Disappearing Languages

Personally I think that it is a good thing that languages are disappearing. Imagine how easy it would be to communicate if there were only 3 or 4 world languages – Mandarin, English, French and Spanish for example. Nowadays people are considered clever if they know a major language. There are many advantages to having fewer languages in the world. Fewer languages would mean it would be easier to trade. Fewer languages would also boost national or even international unity and in turn probably sustain peace.

Many people say that the loss of some languages means that native communities disappear and with them the knowledge that could benefit humanity. I think that instead of trying to preserve the 3,500 languages under extinction we should try to distribute the knowledge from them into the wider world. After all what is the point of having knowledge of something if only a few hundred people can speak the language it is in? Especially in a world like ours where you can talk to someone in Australia in a matter of minutes, it is logical that as we become a more tightly connected world some languages should be forsaken.

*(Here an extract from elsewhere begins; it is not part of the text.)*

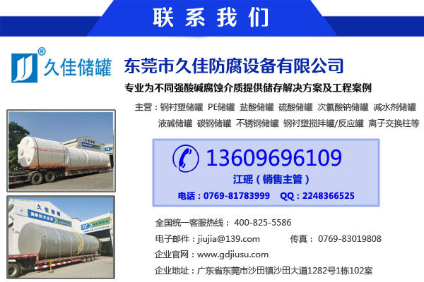 找質(zhì)量上乘、服務一流的鋼襯塑樹脂罐攪拌罐供應商,選東莞市久佳防腐設備有限公司,公司是華南地區(qū)知名的防腐鋼襯塑攪拌罐生產(chǎn)廠家,引進國外先進的技術(shù)設備以及滾塑工藝,品質(zhì)保證。生產(chǎn)的防腐攪拌罐、鋼襯塑儲罐具有無焊接縫、不滲漏、耐腐蝕,抗老化,抗沖擊,表面光滑結(jié)合力強。對一般酸堿鹽的有機溶劑性能良好,適用于腐蝕性氣體,液體及固體液,漿液介質(zhì)的攪拌以及儲存輸送。

In the employment realm of things it is much better for you economically and practically to know a major language, as this means you do not narrow your employment path. Also, the extinction of languages is similar to the extinction of currencies. It is so much easier to go on holiday now with the introduction of the Euro to 23 countries in Europe. Imagine having to keep changing from the German mark to the French Franc and then the Spanish Peseta. Just like currency I think it shows development if the world has fewer more widely spoken languages.


One thought on “Disappearing Languages”

  1. You argue your case pretty well here, Mary, but I don’t agree with your view. You make a number of valid points but my objections come down to main things. First, I do not think that homogeneity is actually a good thing. The world is a less interesting place if everywhere becomes the same. And whilst I do not accept the Sapir-Whorf hypothesis, I think that it is not quite as easy as you say to transfer or translate knowledge from one language into another without losing something in the process. Interestingly, the analogy you choose- the Euro- is actually a good example of the dangers of trying to reduce things down, as the present economic crisis in the Eurozone shows. And secondly, the philosopher Aristotle talked about what he called ‘the good life’. One of the most important things I think we have to do in life is to work out what this is but I am pretty sure that if making money is a part of it, it is not the most important.